Replying to your new version of the question:
DDRG |= (1<<DDRG3) OR
DDRG = 0x08
There is no "best" because those two snippets1 of C do different things - they only have the same end result in one situation; in all other situations they will have different end results! This means that, as always in programming, you must be really clear what you want to do and write your code accordingly.

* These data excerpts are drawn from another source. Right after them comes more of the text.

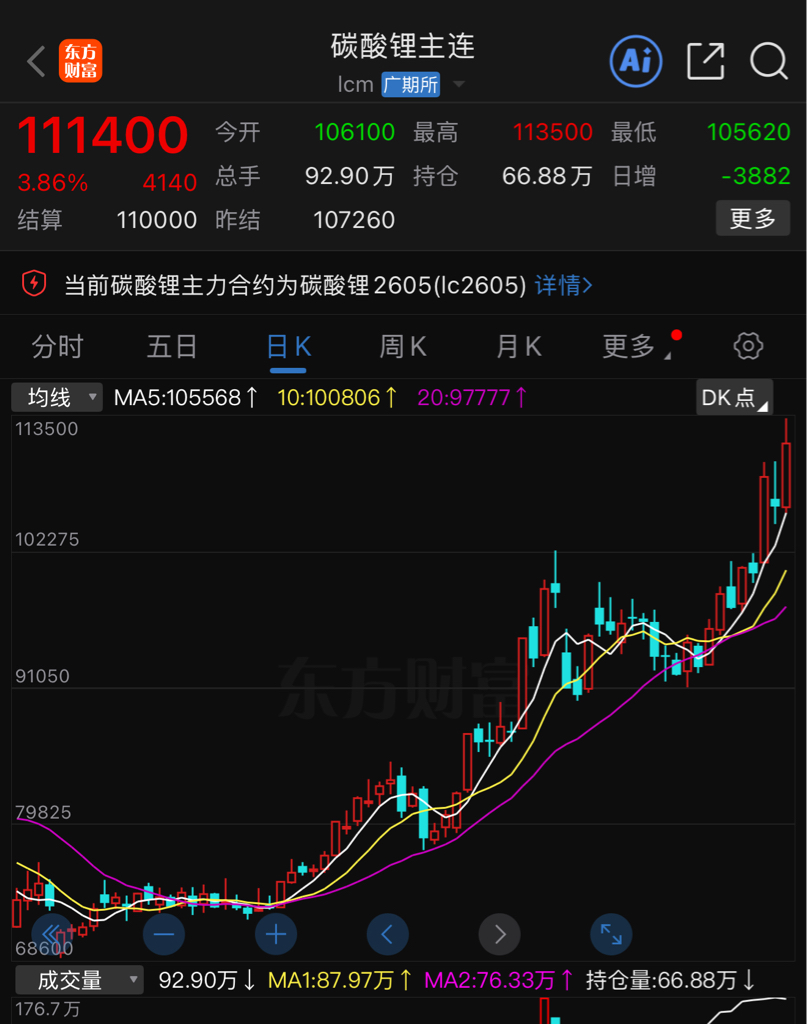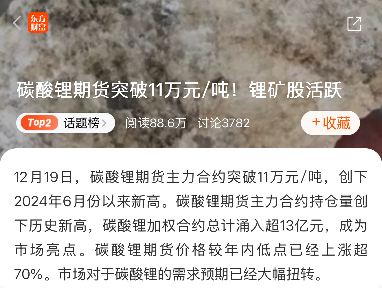 12月19日,碳酸锂期货主力合约突破11万元/吨,创下2024年6月份以来新高
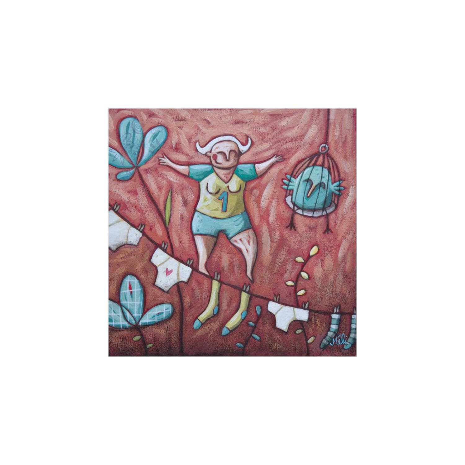 Sur la cordePeinture Sur la corde par Catoni Melina | Tableau Art naïf Scènes de vie
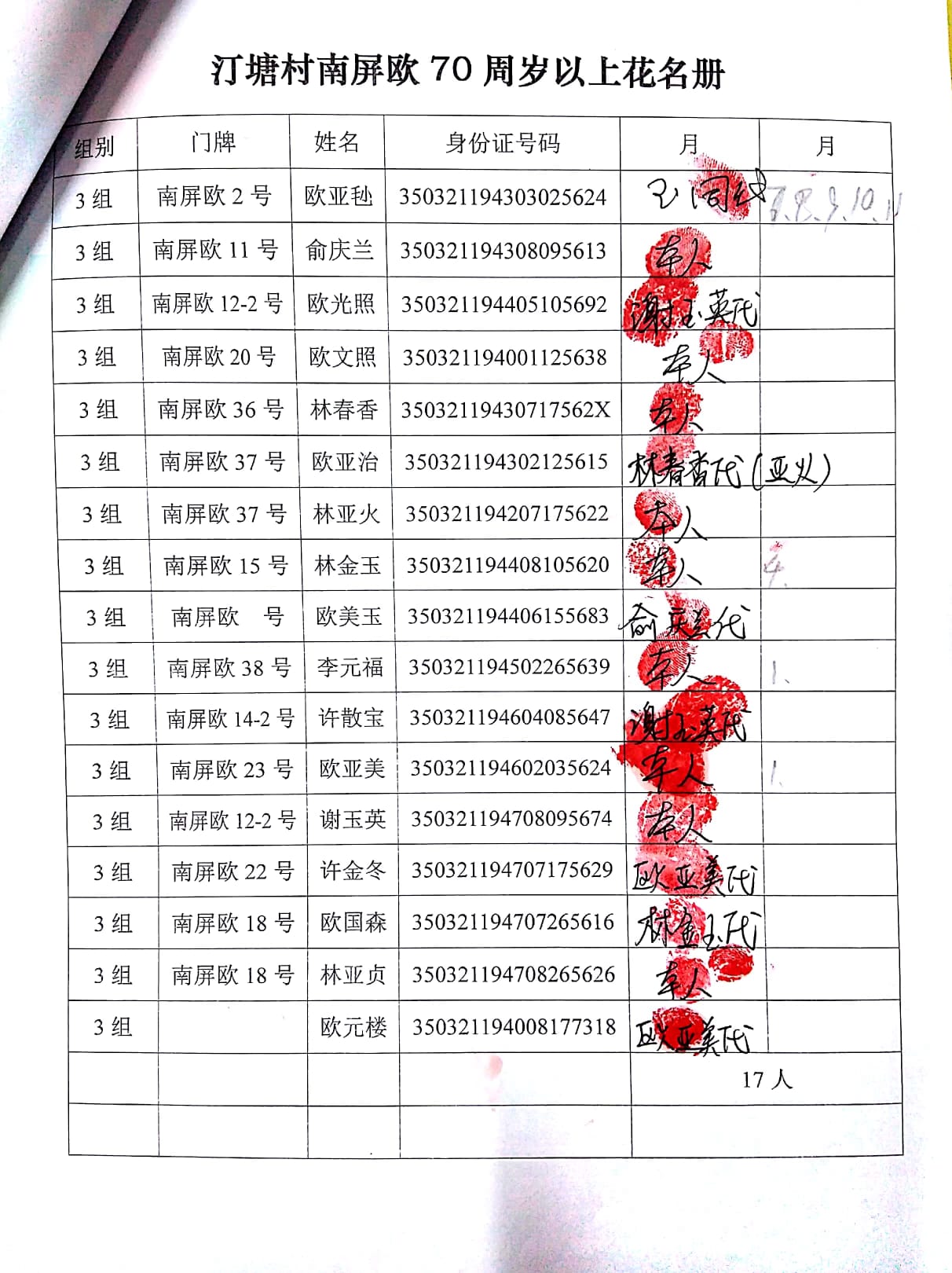 2017年12月福寿金发放情况如下。
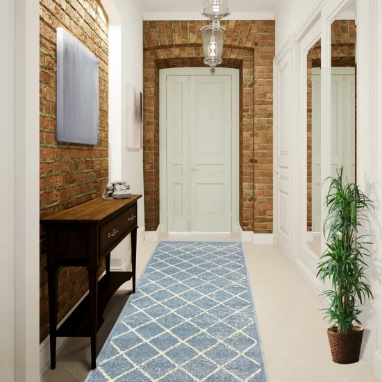 An uplifting fashionable criss-cross pattern on a beautiful shade of blue, cream or slate provides the perfect touch to your modern or contemporary style home.
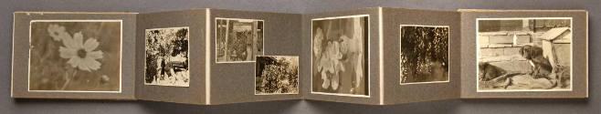 Mediumalbum: 28 gelatin silver prints on 24 pages in a canvas accordian album with painted and embossed cover

1[From now onwards, I will assume that they are followed by a semicolon and call those two pieces of code "C statements".]
DDRG = 0x08;
This clearly just sets bit 3 (the
DDRG3 bit, value 0x08) in the
DDRG register. Think about what values are set for the other bits in that register? They are all set to zero.
DDRG |= (1<<DDRG3);
This reads whatever value is currently set in the
DDRG register, sets bit 3 (assuming
DDRG3 = 3) and writes this result back to the
DDRG register. Think about what values are set for the other bits in that register? They are all unchanged from their previous values.
[An optimising compiler, upon recognising that coding idiom, might be able to use a suitable assembly instruction, if one exists, to set that bit in the DDRG register - without needing to do the read-modify-write implied in the C source code - the end result is the same either way.]
So as you can now see, the only time that those two statements have the same end result, is when the other (used) bits in
DDRG are already set to zero before each of those two statements were executed.
DDRG |= (1<<DDRG3); suggests to the reader (who might be you, trying to maintain the code some years later!) that you care about preserving the other bits set in that register. Note that using a bitwise-OR operator like this, is so common that it is used by Atmel in their ATmega128A datasheet regarding setting bits in GPIO registers, for example.
DDRG = 0x08; suggests that you want to specifically clear any other bits which are set in that register, at the time when you set bit 3.
Which of those statements you should use, depends on exactly what result you want to achieve, for the value in the
I have used page 134 of this Atmel ATmega128A datasheet to confirm the DDRG register layout and DDRG3 bit value, 0x08, within that register. For other MCUs, the interpretation may be different.